As a foundational language technology programme, TDIL enabled India’s transition from language research to scalable language infrastructure, eventually directly supporting platforms such as BHASHINI and strengthening inclusive access to digital, cultural and knowledge ecosystems.
Anuvadini (AICTE)
Anuvadini is an AI-based multilingual translation platform developed by the All India Council for Technical Education (AICTE) to enable large-scale translation of academic, technical and knowledge content into Indian languages.
As an AI-driven language access platform, Anuvadini expands access to knowledge and skills in Indian languages. By enabling participation in education, skilling and cultural knowledge systems, it contributes to social empowerment and livelihood opportunities.
AI for Cultural Heritage, Knowledge Systems and Linguistic Diversity
To preserve India’s vast cultural legacy while enabling wider public access and participation, the Government of India is deploying AI across heritage preservation, traditional knowledge systems and linguistic diversity, with a focus on scale, discoverability and inclusion.
Gyan Bharatam Mission[7]
It is national mission for the survey, documentation, digitisation and dissemination of India’s manuscript heritage and traditional knowledge systems, including creation of a National Digital Repository.
The mission will ensure cultural heritage to move from physical archives to shared digital access, supporting long-term preservation and increased public engagement.
Gyan-Setu (National AI Innovation Challenge under Gyan Bharatam)[9]
Gyan-Setu was launched as a national challenge to source AI-led solutions for manuscript preservation, decipherment, restoration and access.
The initiative created a pipeline of deployable AI solutions, strengthening collaboration between cultural institutions and the AI ecosystem.
Adi Vaani – AI Platform for Tribal Languages[10]
Adi Vaani is an AI-based platform for the preservation, promotion and revitalisation of tribal languages, which are central to India’s cultural and oral heritage.
Enabling Participation and Opportunity through AI[12]

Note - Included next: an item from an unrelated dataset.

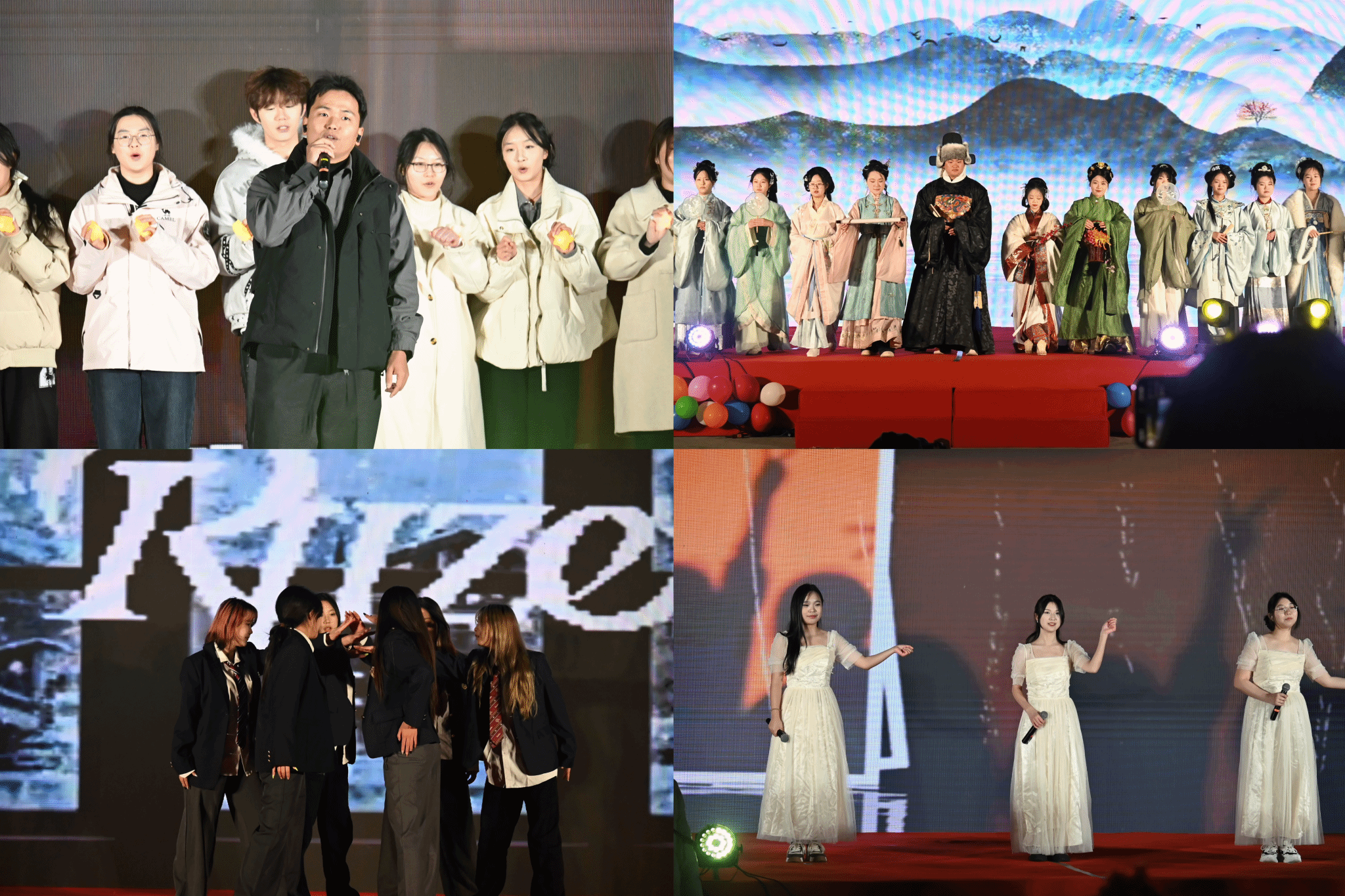 暮色渐浓,灯光璀璨,开场歌曲《一路生花》悠扬响起,元旦晚会正式拉开帷幕。直播镜头流畅切换,将舞台的绚丽光影与观众的热情笑颜实时传递至云端,吸引了大量线上观众点赞互动。三个篇章层层递进,演绎青春风采,传递家国情怀。“新岁序章·青春舞曲”中,乐队表演《鲜花+改变自己》点燃全场热情,鼓点与旋律交织成最鲜活的青春乐章;双人舞蹈《enjoy tonight》舞姿灵动,舞步蹁跹间尽显少年意气;独唱《天后》深情婉转,合唱《不遗憾》温暖治愈。“国风汉韵·民舞京戏”篇章,一场传统文化的视听盛宴徐徐展开。民族舞蹈《阿图什》勾勒出异域风情,舞姿舒展间尽显文化交融之美;汉服走秀《霓裳贺岁》衣袂翻飞,绫罗绸缎间重现华夏礼仪之邦的典雅风韵;《游园惊梦》串烧舞蹈将古典戏曲与现代舞蹈完美融合,一颦一笑、一招一式皆韵味悠长。“烟火星辰·岁岁皆安”篇章,温情与激情交织,定格团圆与希冀。小品《扰民了您》诙谐幽默,以生活化的剧情引发全场共鸣;街舞《love119》活力四射,以动感舞步点燃冬日激情;Bwin必赢网址合唱团带来的《起风了》串烧,旋律悠扬,歌声嘹亮,将晚会氛围推向高潮。

As AI improves access to culture, language and knowledge, the next step is to turn this access into economic opportunity and social empowerment. This is especially important for India’s cultural and creative sectors, where livelihoods depend on traditional skills, local knowledge and community-based practices.

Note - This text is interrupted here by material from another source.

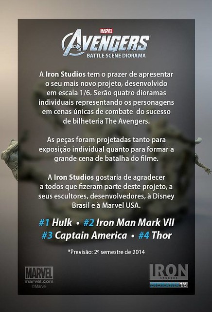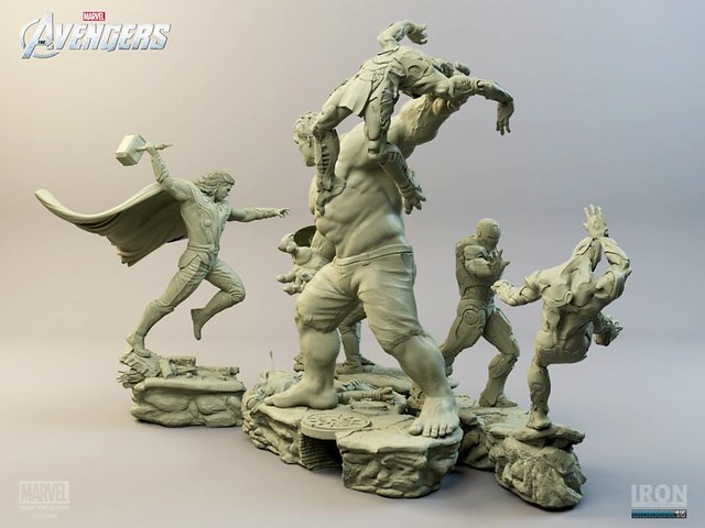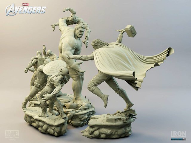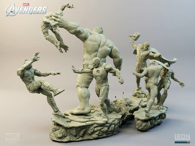 來自巴西的Iron Studios公司預計在2014年下半年推出Diorama The Avengers Battle Scene 1/6 復仇者聯盟戰鬥場景雕像(暫時翻譯)1/6版本,預計將先推出綠巨人浩克,之後是鋼鐵人馬克七、美國隊長和雷神索爾四位復仇者聯盟的成員對抗侵略地球的外星種族“奇塔瑞”(Chitauri)軍團,將以單件雕像推出,收集四位復仇者聯盟的成員雕像可以擺放在一起呈現電影經典場景,目前官網臉書先行公開了素色樣品,詳細售價和發行日期都還尚未公佈,有興趣的玩具人請持續鎖定玩具人網站後續報導。

Artisans, craftspeople and cultural practitioners make up a large part of India’s informal and creative economy. When designed to be inclusive and sensitive to local context, AI can support these livelihoods by improving visibility, productivity, skills and participation in digital markets—while preserving cultural identity.

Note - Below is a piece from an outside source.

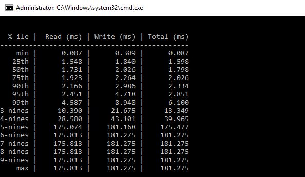 En écriture: 4115 I/O avec une latence de 2.3 ms

AI-Enabled Pathways for Artisans and Cultural Workers
By building language access, voice-based tools and cultural understanding into AI systems, artisans and cultural workers become active users of technology, not just beneficiaries. In this way, AI supports social empowerment by strengthening dignity of work, sustainable livelihoods and India’s cultural and creative traditions.
Advancing Inclusive AI for Culture, Languages and Livelihoods
As India expands the use of AI across public systems, the main aim is to ensure that technology leads to greater cultural participation, social empowerment and sustainable livelihoods. Recent policy thinking, including NITI Aayog’s report on AI for Inclusive Societal Development, points to the following key aspects for better use of AI in the public space[13]:
These efforts will position AI not merely as a technological tool, but as a public good that reflects India’s cultural and linguistic diversity. This human-centred approach reinforces the idea of technology for humanity—AI that listens, understands and responds to people’s lived realities. By aligning AI deployment with inclusion, participation and opportunity, India can ensure that its cultural heritage and creative communities continue to remain active contributors to a digitally empowered and socially inclusive future.